[Opening Data section]

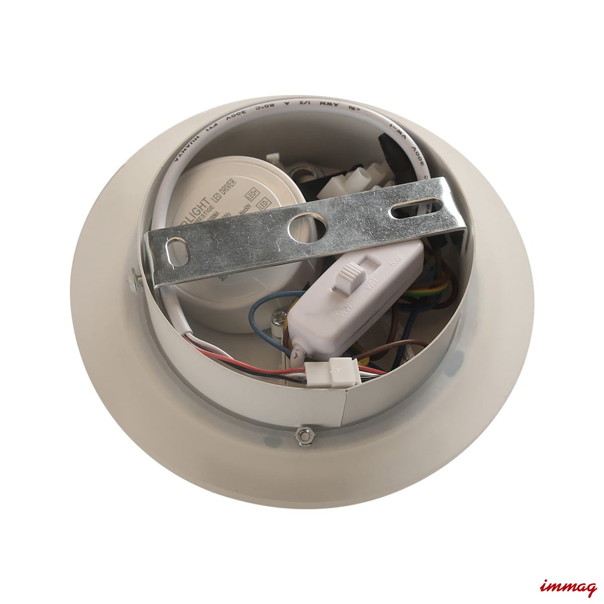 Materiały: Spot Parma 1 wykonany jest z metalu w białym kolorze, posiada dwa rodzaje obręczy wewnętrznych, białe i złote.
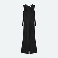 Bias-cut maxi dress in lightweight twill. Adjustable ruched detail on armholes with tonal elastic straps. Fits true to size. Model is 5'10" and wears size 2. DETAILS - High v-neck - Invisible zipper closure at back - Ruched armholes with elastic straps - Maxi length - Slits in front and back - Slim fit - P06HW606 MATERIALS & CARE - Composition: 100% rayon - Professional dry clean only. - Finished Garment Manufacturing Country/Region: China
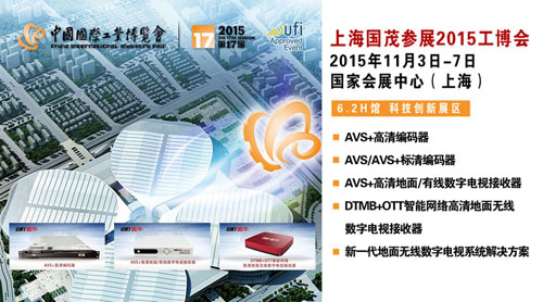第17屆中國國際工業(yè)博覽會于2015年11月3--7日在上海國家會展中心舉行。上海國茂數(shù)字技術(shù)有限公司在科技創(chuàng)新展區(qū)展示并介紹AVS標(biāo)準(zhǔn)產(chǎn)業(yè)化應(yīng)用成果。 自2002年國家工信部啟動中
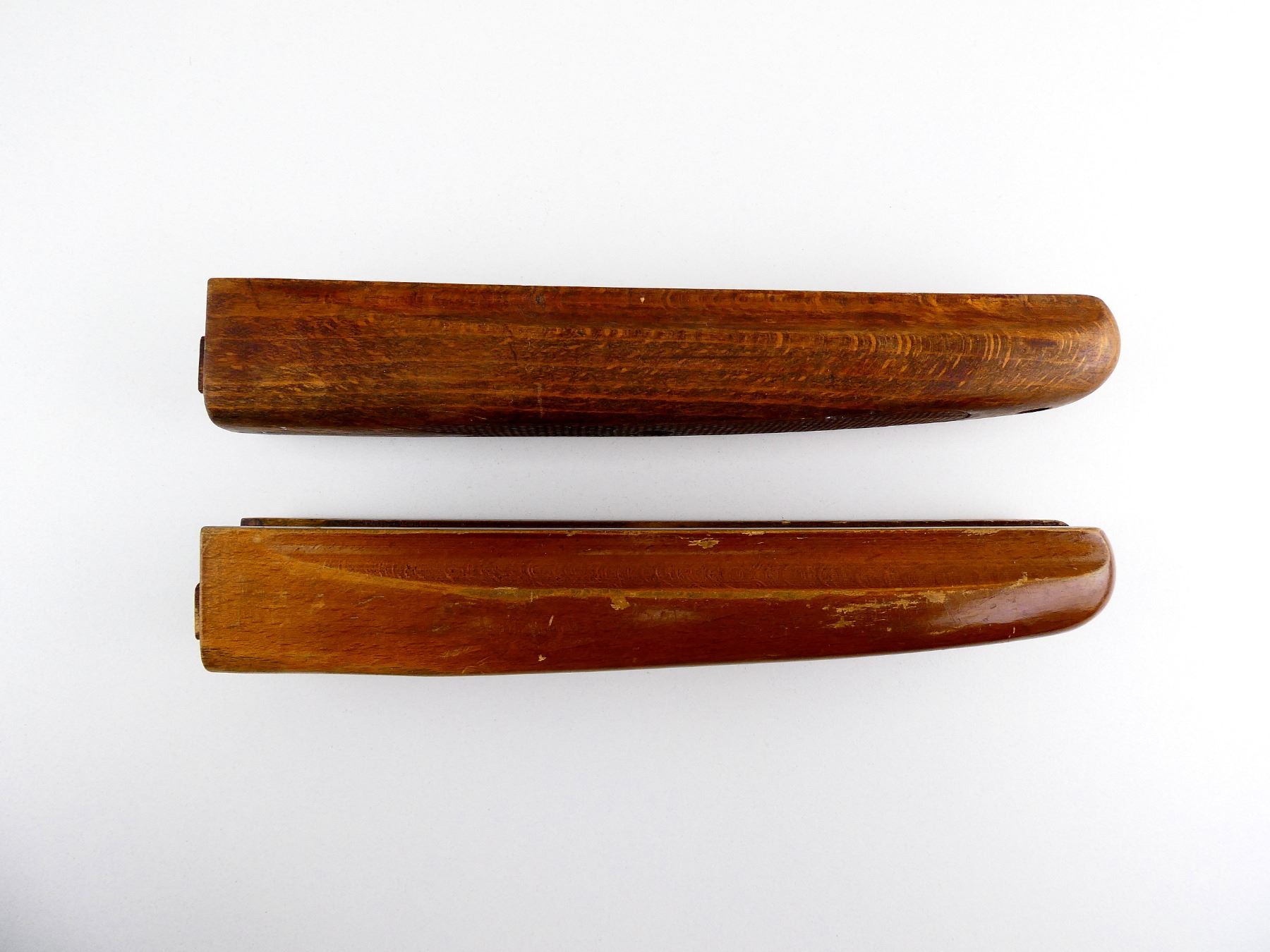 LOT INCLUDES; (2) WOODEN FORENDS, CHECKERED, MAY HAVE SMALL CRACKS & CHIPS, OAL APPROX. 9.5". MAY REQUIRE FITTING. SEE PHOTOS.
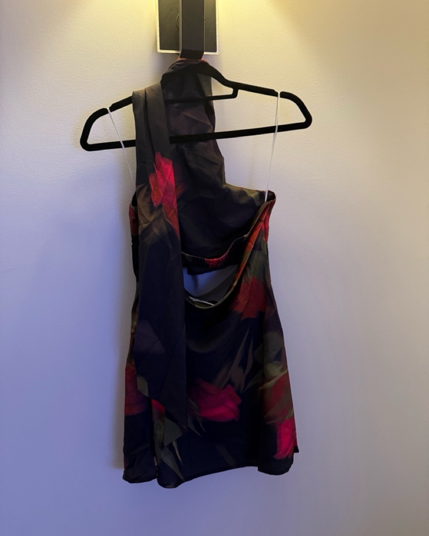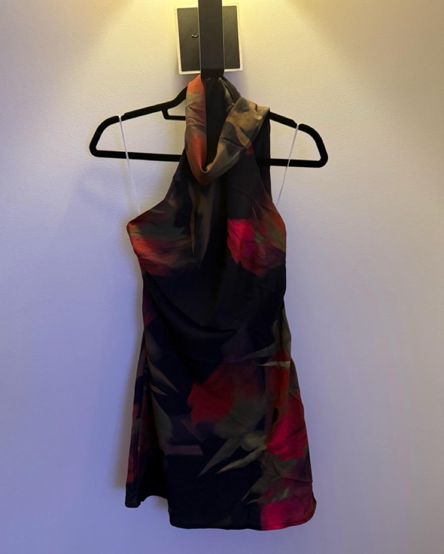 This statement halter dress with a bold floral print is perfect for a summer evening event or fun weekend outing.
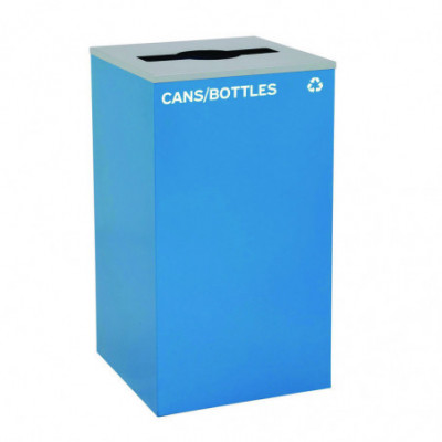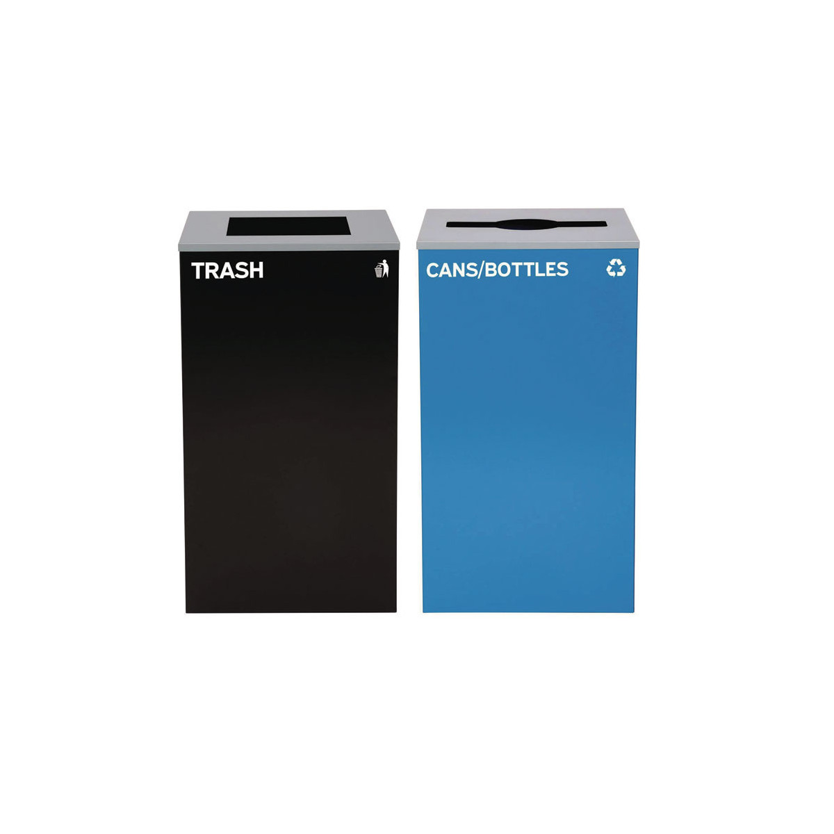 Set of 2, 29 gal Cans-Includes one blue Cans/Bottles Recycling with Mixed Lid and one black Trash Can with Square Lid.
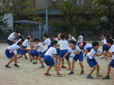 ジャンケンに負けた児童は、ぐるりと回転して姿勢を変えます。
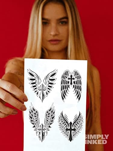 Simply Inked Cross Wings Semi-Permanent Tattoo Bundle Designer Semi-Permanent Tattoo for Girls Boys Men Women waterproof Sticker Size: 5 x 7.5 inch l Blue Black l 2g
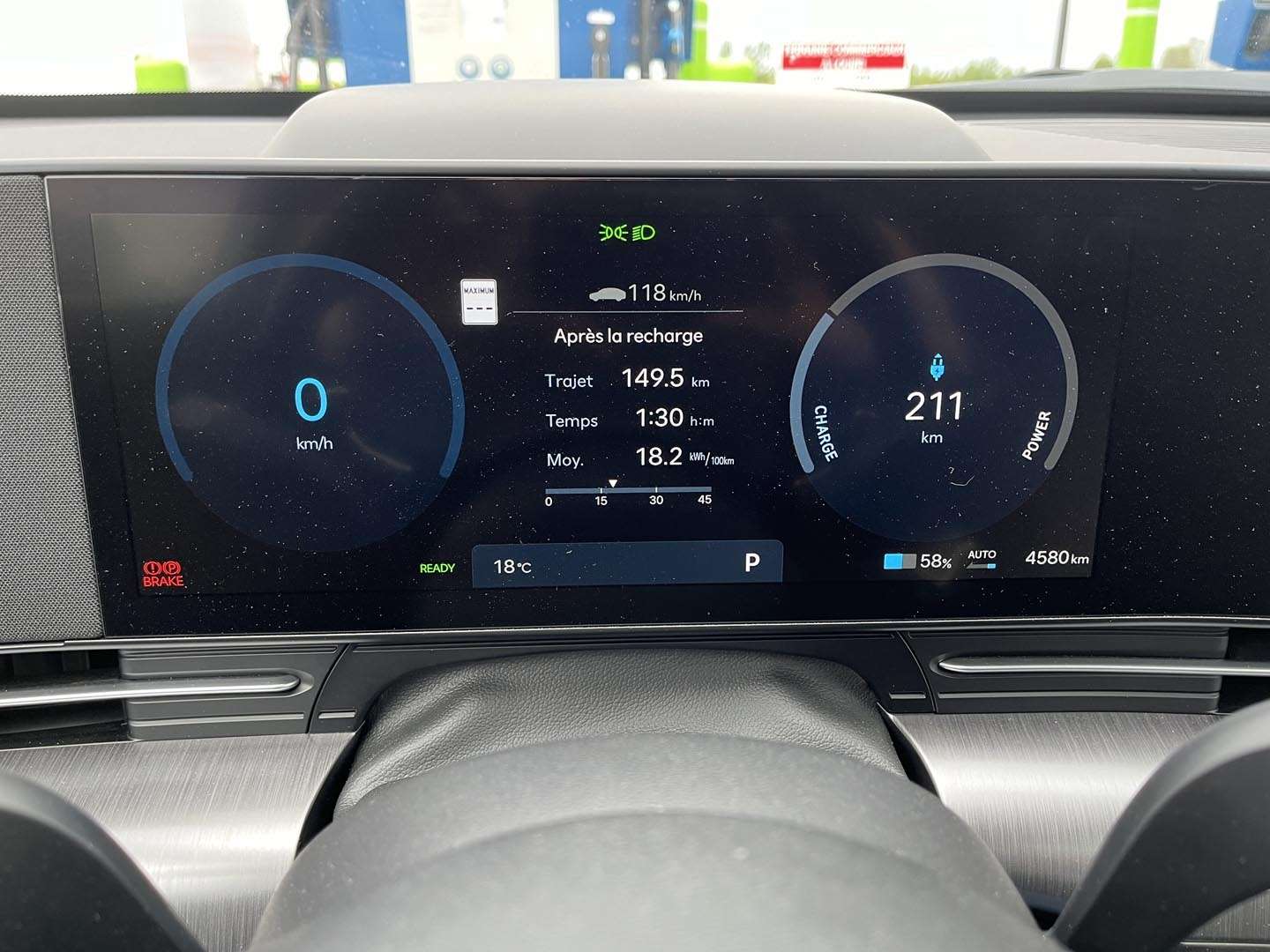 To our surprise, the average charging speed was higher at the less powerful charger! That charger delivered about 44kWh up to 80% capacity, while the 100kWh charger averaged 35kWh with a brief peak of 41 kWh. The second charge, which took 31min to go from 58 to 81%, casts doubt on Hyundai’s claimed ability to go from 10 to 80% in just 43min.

[Closing Data section]

### Required work
Your reply should consist solely of the lines above from the line containing "LOT INCLUDES; (2)" up to and including the line containing "Simply Inked Cross", reproduced exactly, minus the pictures.

### Completed exercise
 LOT INCLUDES; (2) WOODEN FORENDS, CHECKERED, MAY HAVE SMALL CRACKS & CHIPS, OAL APPROX. 9.5". MAY REQUIRE FITTING. SEE PHOTOS.
 This statement halter dress with a bold floral print is perfect for a summer evening event or fun weekend outing.
 Set of 2, 29 gal Cans-Includes one blue Cans/Bottles Recycling with Mixed Lid and one black Trash Can with Square Lid.
 ジャンケンに負けた児童は、ぐるりと回転して姿勢を変えます。
 Simply Inked Cross Wings Semi-Permanent Tattoo Bundle Designer Semi-Permanent Tattoo for Girls Boys Men Women waterproof Sticker Size: 5 x 7.5 inch l Blue Black l 2g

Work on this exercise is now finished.